Losing the minigun and its enemy chewing capacity also brings another new mechanic into play - the much-improved melee system.

Encounters have lost much of their predictability. More open design gives the AI more options, as well as freeing the player from the necessity of hide and peek. This means that's it's now a much more viable option to get up close and personal with the Higs, unleashing the multi-stage and context sensitive CQC kills with rifle butts and the trusty knife. Hit a trooper standing next to a low wall and he'll stumble over it, presenting the perfect opportunity for a finishing back stab. Engage him out of cover and you're likely to be treated to a gruesome eye-stabbing move, accompanied by a wrenching twist of the knife and a sound like a goose hitting a jet turbine.

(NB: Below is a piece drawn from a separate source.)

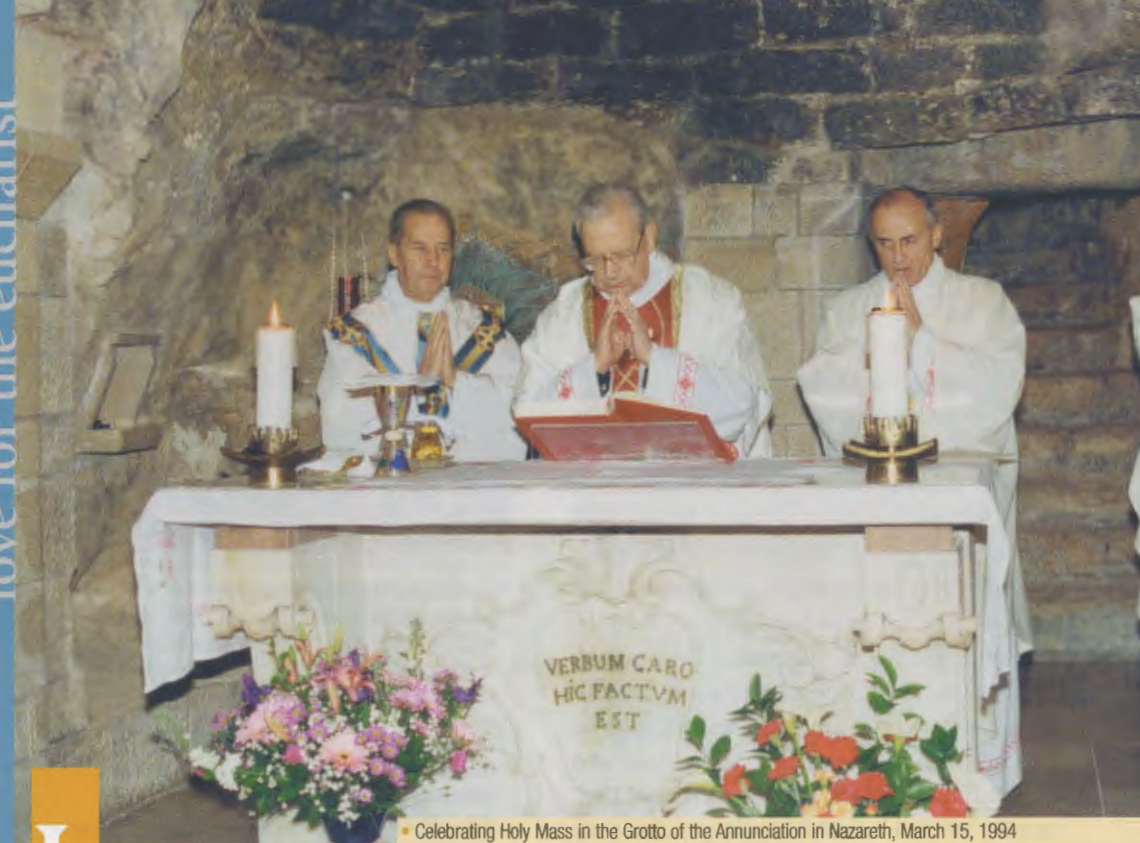
• Celebrating Holy Mass in the Grotto of the Annunciation in Nazareth, March 15, 1994

We're shown a variety of these new moves in a third-person montage, to illustrate both their scope and the subtleties of the new and improved hit-zone system. Rifle butts land crunching blows in the back of knee-caps, knocking troopers from their feet; frontal kicks smash gas masks, stunning opponents to allow the deadly knife to work its stabby magic. We hear the word brutal used so often that it begins to lose meaning.

Back on the frontline, Sev finds another new boomstick.

It's a W.A.S.P., which MD Herman Hulst describes as a "portable weapon of mass destruction". This missile launcher spits multiple, homing projectiles, swarming from the barrel before zoning in on hapless targets with devastating results. The secondary fire is even more spectacular. Switching briefly to a green-screen zoom of the battlefield, we paint a target in the distance, one of the Helghan APCs. Release the trigger and there's a split-second's pause. Nothing's left the barrel. A misfire perhaps? The answer comes soon enough - a Javelin-like strike from above, fired by a aerial drone linked to the launcher, which obliterates the target area, using a whole clip in the process.

Jetpacks. Just as awesome as they look.

Killzone's weaponry still retains the sense of weight, impact and effect established in the second chapter, with the hardware feeling suitably futuristic without losing its solid military credentials. It's not quite gun-porn, but chattering away with the armaments we're given is a satisfying experience. From what I can tell, most of the arsenal from KZ2 makes a reappearance, although we're told that the behind-the-scenes numbers have undergone substantial tweaking.

For stage three of the hands-on we're introduced to perhaps the most exciting piece of new hardware - the jetpack. Initially only coming attached to a Helghan shock trooper, this insectoid assault platform is a four-winged, one-man affair, complete with a unlimited supply of ammunition for the attached large-calibre machine gun. Fighting them from the ground puts you in a precarious situation, putting you on the backfoot as you balance the necessity of looking upwards with the dangers of the sheer ice-cliffs around you.

Taking them down with brute force is a matter of pumping the requisite number of rounds into them, but a canny sharpshooter can drop a couple of slugs into their fuel packs, bringing everyone nearby together in a cosy Saving Private Ryan-style barbecue. Do this whilst they're airborne and you'll get the added satisfaction of seeing them pinwheel across the sky before impacting with a meaty explosion.

Continuing the new 'monkey see, monkey do' philosophy, it's not long before Sev and Rico come across an abandoned jetpack on the rig, Sev shouldering it manfully as Rico expresses his gruff concern. And just like that, we're off - soaring between massive chunks of floating ice towards the next objective. It's not a true jetpack, in that it assists and lengthens jumps rather than actually letting you fly, but it's another slice of stake-upping.